Buy in the UK | Buy in Canada

Annie Capshaw and Eve DeCateur are as different as two women can be. Eve is a tall, beautiful blonde who has an innate grace and sense of self that gets her through most things with ease. Annie is short, dark-haired and called cute by all. She can and has burned the pot when trying to boil water and she can fall over her own feet easily. But the two have been best friends since forever and have stayed friends through many men and Annie's bad marriage that just ended.

Trying to get Annie through her blues, Eve signs them both up for ten days of cooking classes at the fancy shop Tres Bonne Cuisine. Annie isn't too thrilled with the idea of a cooking class but when she sees the teacher, a hunky Scotsman with a wonderful way of rolling his rrrs, she begins to come around. But no matter how much she tries, her dishes are still bad news, while Eve manages to create masterpieces with little effort.

When they need to go back to the class after hours to fetch a watch that Eve left behind, they come across a man lying in the alley. They had seen the same man fighting with a Romanian woman, Beyla, from their cooking class earlier that day. Eve goes to call for help and Annie hears the man say a few words with a deep foreign accent as he hands her a receipt from a restaurant. He then dies.

Unfortunately the cops that are put in charge of the case happen to be Eve's ex-boyfriend and his new girlfriend, who are insulting and won't listen to anything Eve and Annie say. That makes them angry enough to decide to investigate the crime themselves and to find the murderer to show that they are smarter than the cops. The thing is that both women have absolutely no background in solving crimes and aren't sure how to go about it.

They proceed to investigate by suspecting almost everyone in the class - especially Beyla and the owner of the restaurant. Earlier that day the girls had seen the secretive owner fighting with the now dead man. The friends don't know who to trust and who to watch out for. Before long they are completely over their heads as they stumble into dangerous situations and find even more danger and death.

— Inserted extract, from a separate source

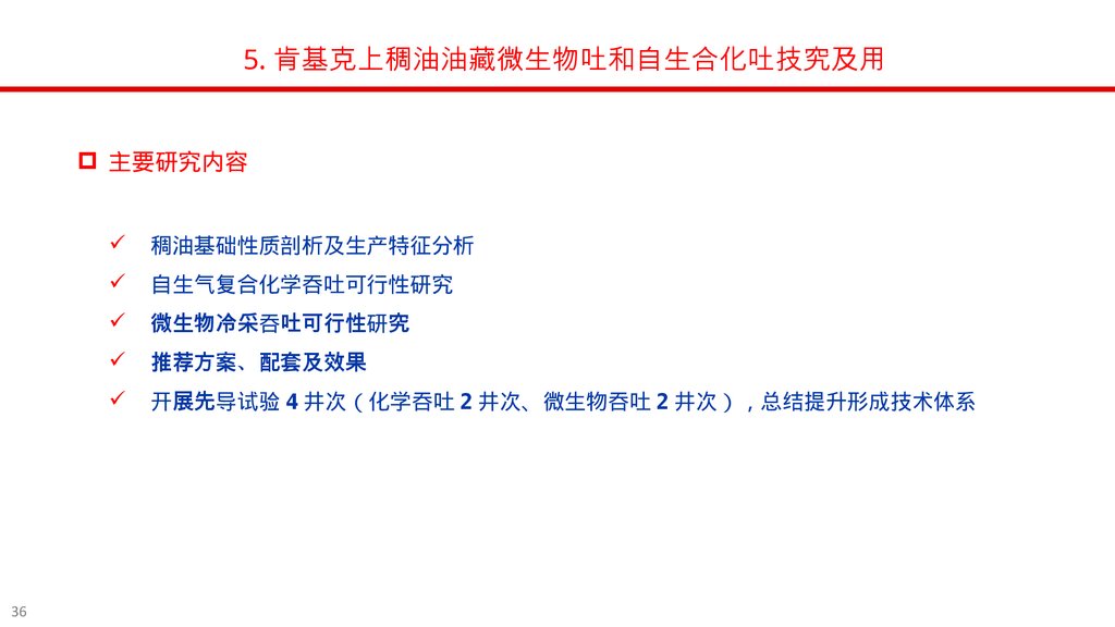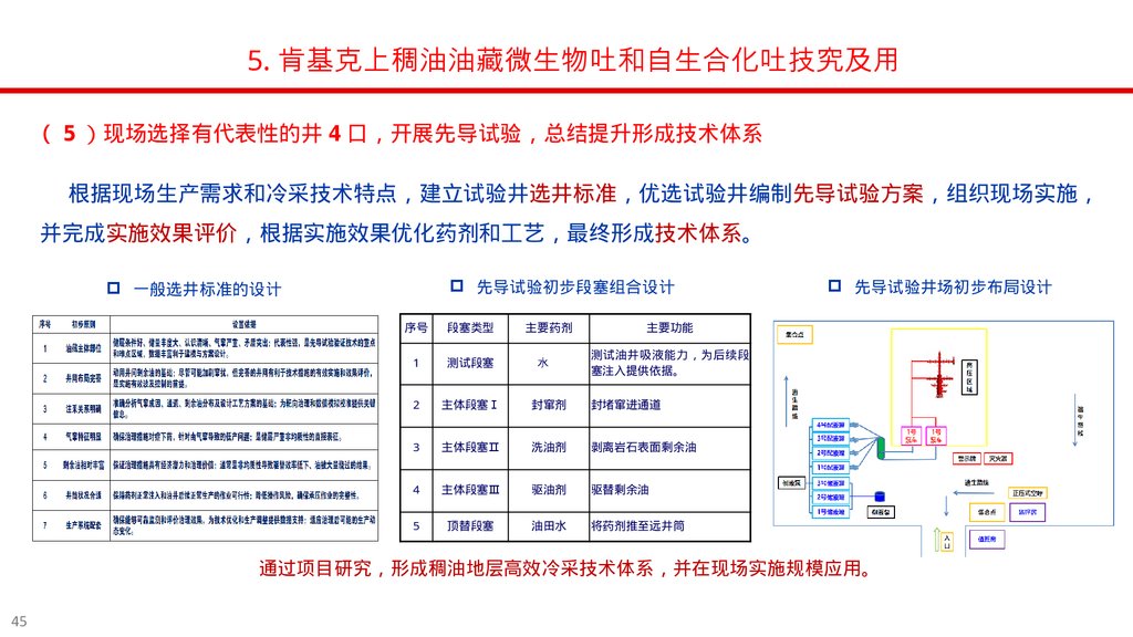 5. 肯基克上稠油油藏微生物吐和自生合化吐技究及用5 现场选择有代表性的井 4 口 开展先导试验 总结提升形成技术体系

This new series does its best to give the readers reasons to like it. The friends are likeable and they definitely care a great deal about each other. Unfortunately I found the two to be a bit too cartoonish. Annie is constantly falling over herself and making a mess where Eve seems to be total perfection no matter how little she tries. Because both seemed so over the top I couldn't feel a connection to either one and so couldn't really care about them.

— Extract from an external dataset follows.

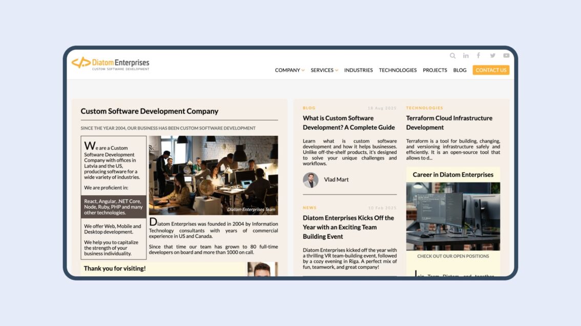 Diatom Enterprises is a trusted software offshore team provider offering full-cycle software development services to international clients. With a strong technical foundation in .NET, React, Node.js, and mobile technologies, the company delivers tailored solutions to startups and enterprises alike.

Also, the class meets each night, skipping Sunday, and even though terrible things are happening and the threat of death seems to surround the class, everyone shows up to cook each night as if there's nothing wrong going on. If the people in the book don't feel that there is any danger, how are the readers supposed to feel any tension at all?

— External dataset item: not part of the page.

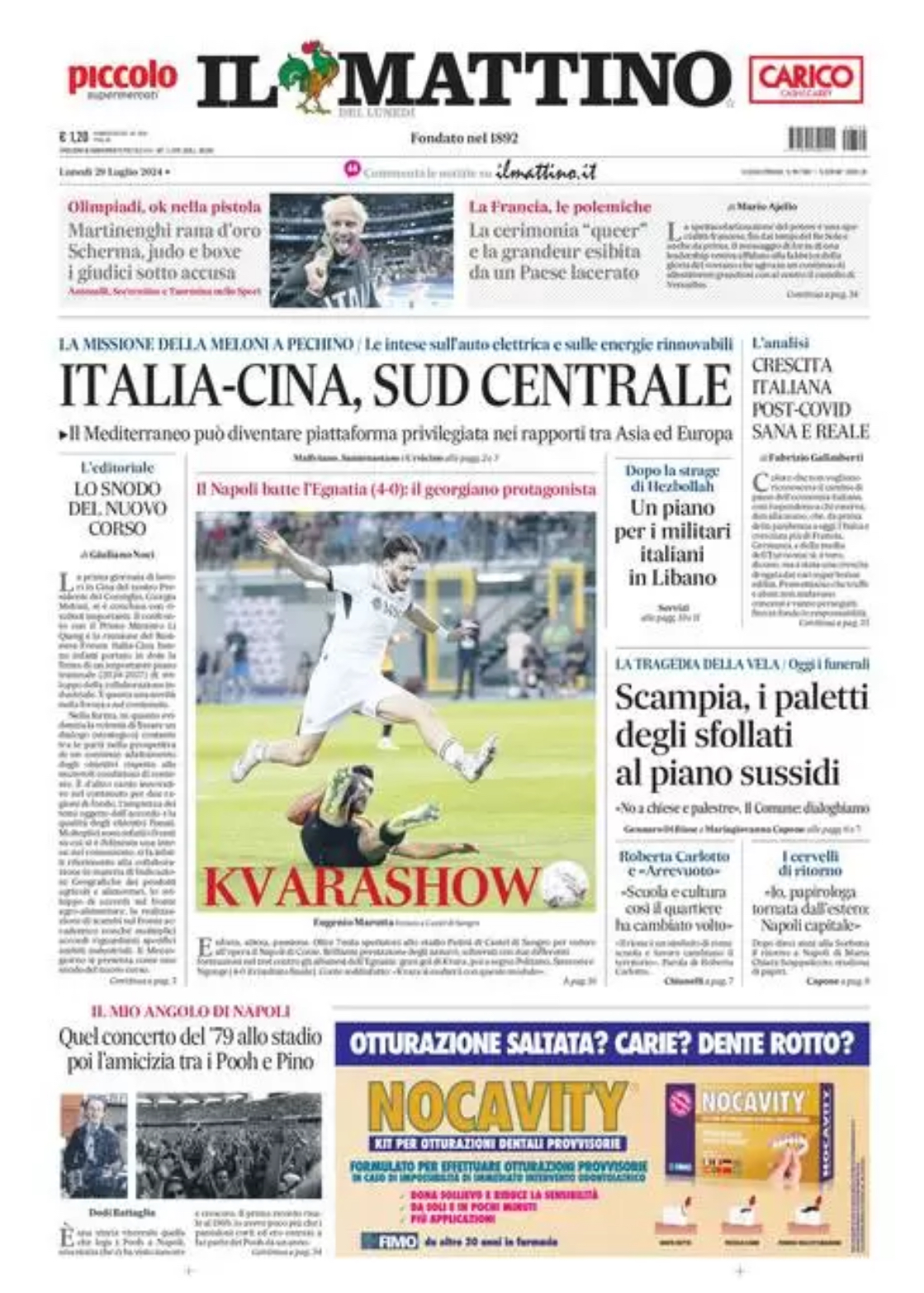 Nell'edizione di oggi, Il Mattino apre in prima pagina con l'ottima prestazione di Kvaratskhelia nella prima amichevole del Napoli a Castel di Sangro: "Kvarashow. Il Napoli batte l'Egnanatia (4-0): il georgiano protagonista". Di seguito la prima pagina integrale.

Many an amateur sleuthing partnership is made up of people with little background in investigation, but this couple not only don't have any background but also have no aptitude for getting to the truth of things either. Most of their work consists of asking everyone in sight questions, but since they both have no head for investigating and no talent for deduction, they wander around confused until, at the end, the guilty party actually has to confess in front of them.

A little light on the murder mystery portion of the story and a bit too cartoonish in the make-up of the friends, COOKING UP MURDER is a pleasant but not very satisfying book. I'm not so certain that I will have an urge to read any new installment in the series that might come along.